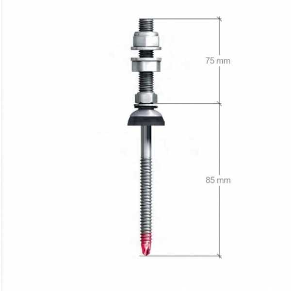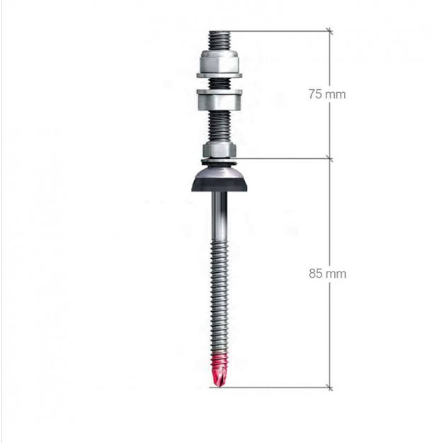 Il bullone a doppia filettatura M8X85/M10X70 è realizzato in acciaio inox e serve per il fissaggio diretto degli impianti fotovoltaici alla sottostruttura in acciaio. Il connettore solare EJOT è il primo connettore in acciaio inossidabile approvato dall'Istituto tedesco per la tecnologia degli edifici (Dibt) che può essere utilizzato per il montaggio di impianti fotovoltaici su tetti in lamiera trapezoidale o pannelli sandwich. Il nuovo connettore è realizzato in acciaio inossidabile A2 (AISI 304) o A4 (AISI 316) e ha una punta di perforazione in acciaio temprato, quindi non è necessario praticare un preforo in sottostrutture sottili in acciaio fino a 3 mm di spessore. Ciò consente di forare e fissare in un'unica fase di lavoro.
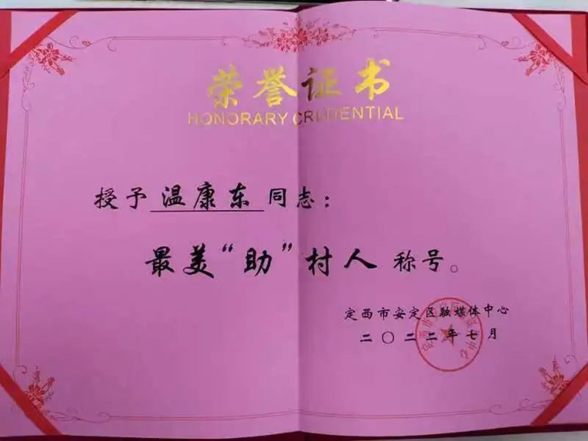 溫康東自2021年9月?lián)味ㄎ魇邪捕▍^(qū)李家堡鎮(zhèn)紅川村第一書記、幫扶工作隊(duì)隊(duì)長以來,他堅(jiān)持立足平凡崗位,踐行志愿精神,不惜拋灑青春,為山區(qū)奉獻(xiàn)青春,用自己的“辛苦指數(shù)”換來群眾的“幸福指數(shù)”,他的真情奉獻(xiàn)贏得了身邊黨員群眾的一致好評(píng),是公認(rèn)的志愿榜樣,2022年被評(píng)選為定西市安定區(qū)“最美助村人”,2023年被定西市2022年度學(xué)雷鋒志愿服務(wù)先進(jìn)典型評(píng)選工作小組評(píng)選為定西市“疫情防控優(yōu)秀志愿者”。
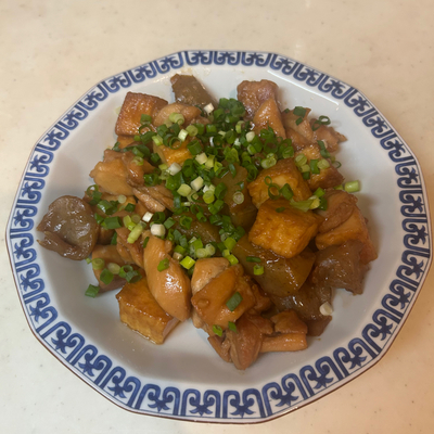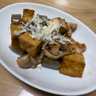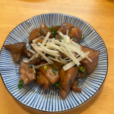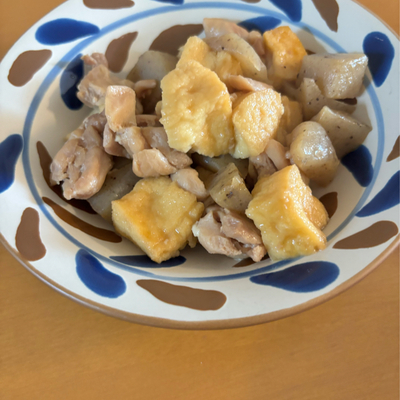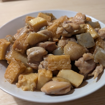 米油の代わりに太白ごま油を使わせていただきました。それで鶏の皮を焼いて、それで鶏油を抽出しました。その鶏油を使って、調理させていただきました。素材全体の美味しさをうまくひとつにまとめることに成功したと感じました。鶏肉が柔らかく、おいしいです。厚揚げもいい感じに味がしみています。こんにゃくもぷりぷりとした食感がとてもいいです。ねぎもわりとたっぷりめにかけるとよいと感じました。お好みで針しょうがを添えるとなおよいかもしれないと感じました。次回また作って食べるときに試してみたいと思いました。
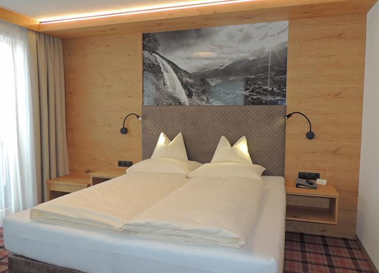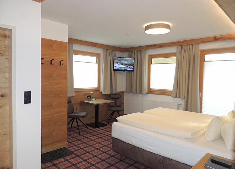 Doppelzimmer Festkogel ca. 22 m²: Doppelzimmer mit Boxspringbett, kleine Sitzecke, Kabel-TV, Safe, kleiner Balkon, Tageslichtbadezimmer mit Dusche/WC, Fön, Kosmetikspiegel.

◆ Required action: From the material above, output every line exactly as written, dropping any picture.

◆ Answer to this task:
 Il bullone a doppia filettatura M8X85/M10X70 è realizzato in acciaio inox e serve per il fissaggio diretto degli impianti fotovoltaici alla sottostruttura in acciaio. Il connettore solare EJOT è il primo connettore in acciaio inossidabile approvato dall'Istituto tedesco per la tecnologia degli edifici (Dibt) che può essere utilizzato per il montaggio di impianti fotovoltaici su tetti in lamiera trapezoidale o pannelli sandwich. Il nuovo connettore è realizzato in acciaio inossidabile A2 (AISI 304) o A4 (AISI 316) e ha una punta di perforazione in acciaio temprato, quindi non è necessario praticare un preforo in sottostrutture sottili in acciaio fino a 3 mm di spessore. Ciò consente di forare e fissare in un'unica fase di lavoro.
 溫康東自2021年9月?lián)味ㄎ魇邪捕▍^(qū)李家堡鎮(zhèn)紅川村第一書記、幫扶工作隊(duì)隊(duì)長以來,他堅(jiān)持立足平凡崗位,踐行志愿精神,不惜拋灑青春,為山區(qū)奉獻(xiàn)青春,用自己的“辛苦指數(shù)”換來群眾的“幸福指數(shù)”,他的真情奉獻(xiàn)贏得了身邊黨員群眾的一致好評(píng),是公認(rèn)的志愿榜樣,2022年被評(píng)選為定西市安定區(qū)“最美助村人”,2023年被定西市2022年度學(xué)雷鋒志愿服務(wù)先進(jìn)典型評(píng)選工作小組評(píng)選為定西市“疫情防控優(yōu)秀志愿者”。
 米油の代わりに太白ごま油を使わせていただきました。それで鶏の皮を焼いて、それで鶏油を抽出しました。その鶏油を使って、調理させていただきました。素材全体の美味しさをうまくひとつにまとめることに成功したと感じました。鶏肉が柔らかく、おいしいです。厚揚げもいい感じに味がしみています。こんにゃくもぷりぷりとした食感がとてもいいです。ねぎもわりとたっぷりめにかけるとよいと感じました。お好みで針しょうがを添えるとなおよいかもしれないと感じました。次回また作って食べるときに試してみたいと思いました。
 Doppelzimmer Festkogel ca. 22 m²: Doppelzimmer mit Boxspringbett, kleine Sitzecke, Kabel-TV, Safe, kleiner Balkon, Tageslichtbadezimmer mit Dusche/WC, Fön, Kosmetikspiegel.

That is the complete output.